Given records START
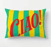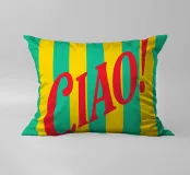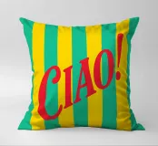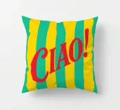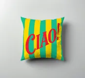 Poster pop art dal fascino italiano: il rosso "CIAO!" salta all'occhio su allegre strisce gialle e turchesi. Una dichiarazione di stile per la cucina, il corridoio o l'ufficio, ideale per chiunque voglia salutare (o salutare) la vita con una strizzatina d'occhio. Questa grafica combina fascino retrò, colori estivi e forza tipografica.
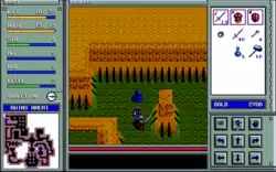 Brandish is a top-down view dungeon crawler game. The original version of the game uses mouse controls from a real-time overhead view, where the player can move the warrior character Ares (known as Varik in the English version[2]) forward and backward, turn, strafe, and attack by clicking on boxes surrounding the player character. The player's objective is to escape from a labyrinth of over 40 floors in 5 different areas such as the 'Ruins', 'Tower', 'Cave', 'Dark Zone', and 'Fortress', each filled with various monsters, traps and puzzles.
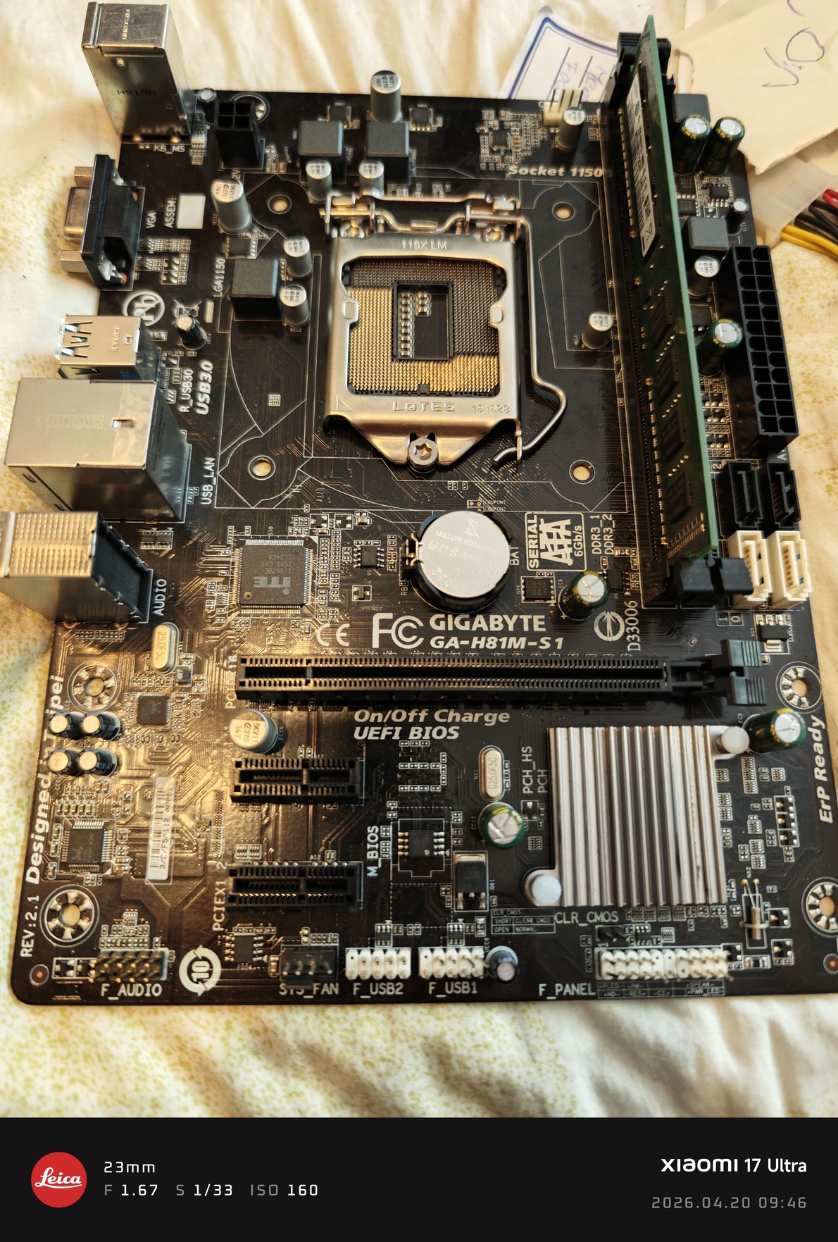 Lga 1150 es alaplap + hátlapi lemeze is megvan+ 2gb ddr3 memoria.
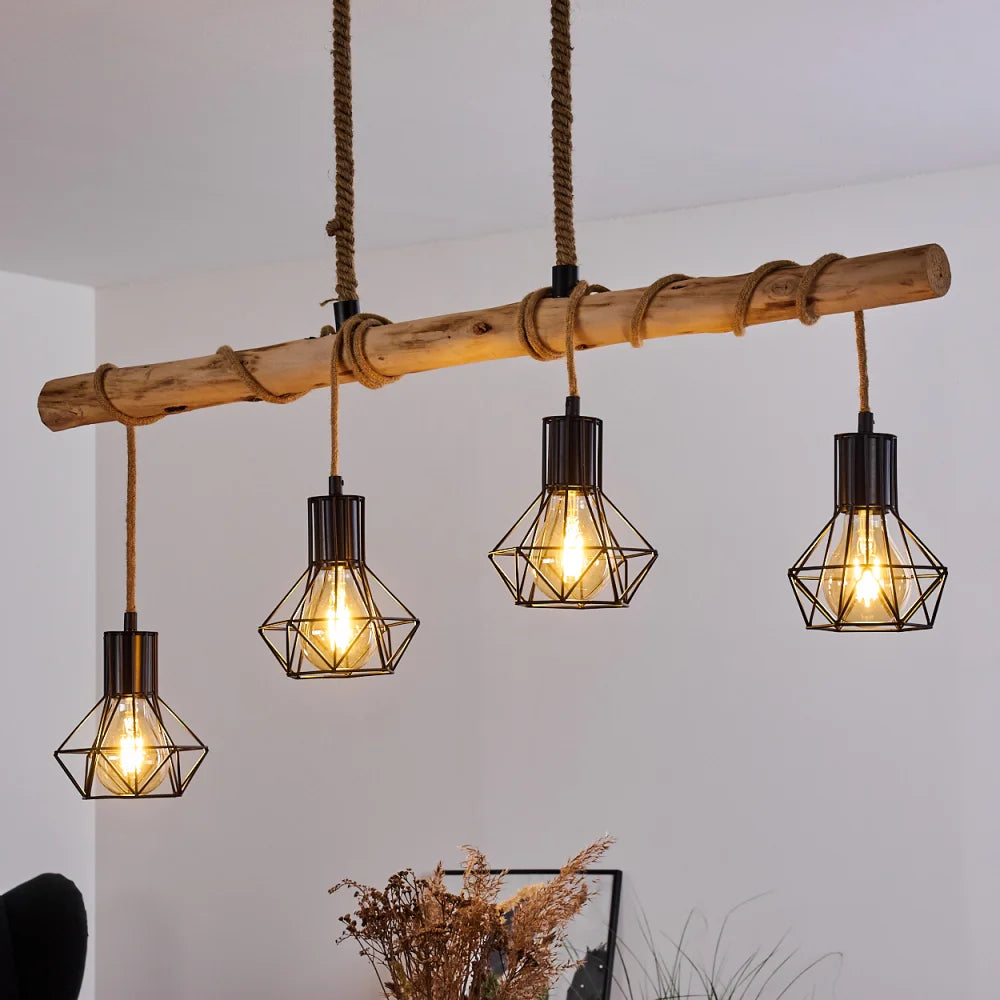 Suspension Betsele Bois clair, Noir, 4 lumières
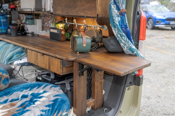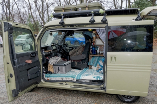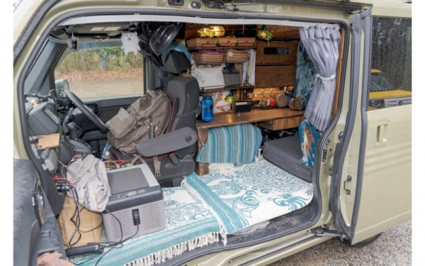 처에 루이씨는 100엔 샵(국내 다이소와 저가 생활용품 판매점)에서 물품을 구입하거나 주변에서 쉽게 구할 수 있는 아이템을 이용해 실내를 개조했다. 그는 "대충 개조한 상태로 2년간 지내보다가 아예 DIY로 차박 전용차로 만드는 게 낫다는 결론을 내렸다”며 "차내에 어떻게 설치할 지 실내 공간을 어떻게 활용할지 고민해 직접 목재를 구입해 1개월 만에 완성했다"고 설명했다.
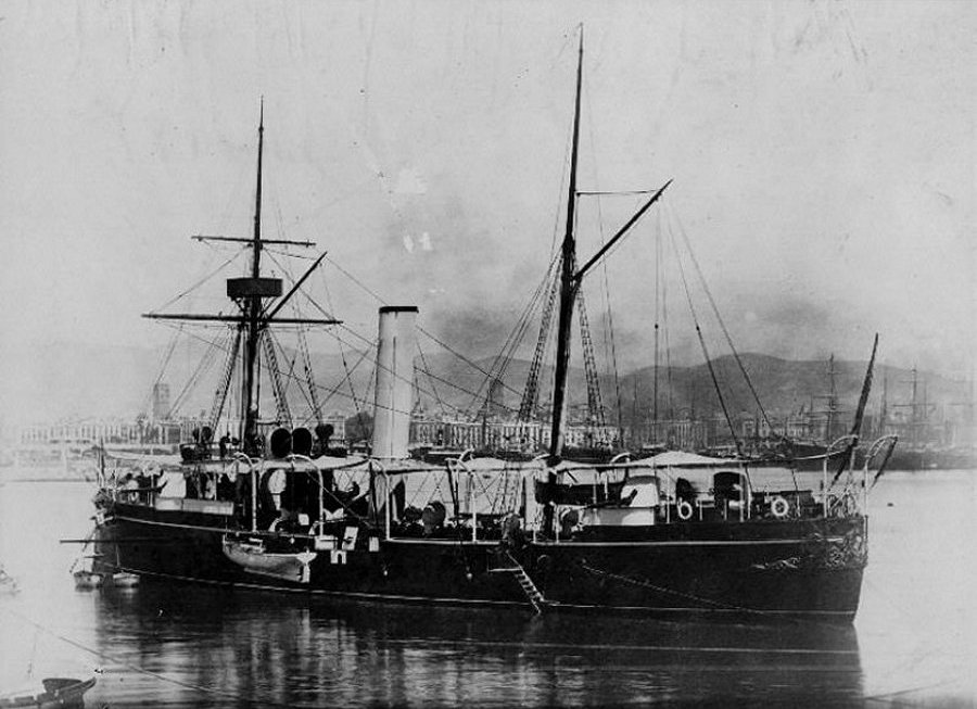 Крейсер «Принцесса Мерседес», один из трех однотипных безбронных крейсеров построенных к i886 году для Испанского флота. (Рисунок автора. СС0).
Given records END
Copy out exactly the lines from the one with "Suspension Betsele Bois" through the end of the listing, both ends included, omitting any picture.

■ **Task result**:
 Suspension Betsele Bois clair, Noir, 4 lumières
 처에 루이씨는 100엔 샵(국내 다이소와 저가 생활용품 판매점)에서 물품을 구입하거나 주변에서 쉽게 구할 수 있는 아이템을 이용해 실내를 개조했다. 그는 "대충 개조한 상태로 2년간 지내보다가 아예 DIY로 차박 전용차로 만드는 게 낫다는 결론을 내렸다”며 "차내에 어떻게 설치할 지 실내 공간을 어떻게 활용할지 고민해 직접 목재를 구입해 1개월 만에 완성했다"고 설명했다.
 Крейсер «Принцесса Мерседес», один из трех однотипных безбронных крейсеров построенных к i886 году для Испанского флота. (Рисунок автора. СС0).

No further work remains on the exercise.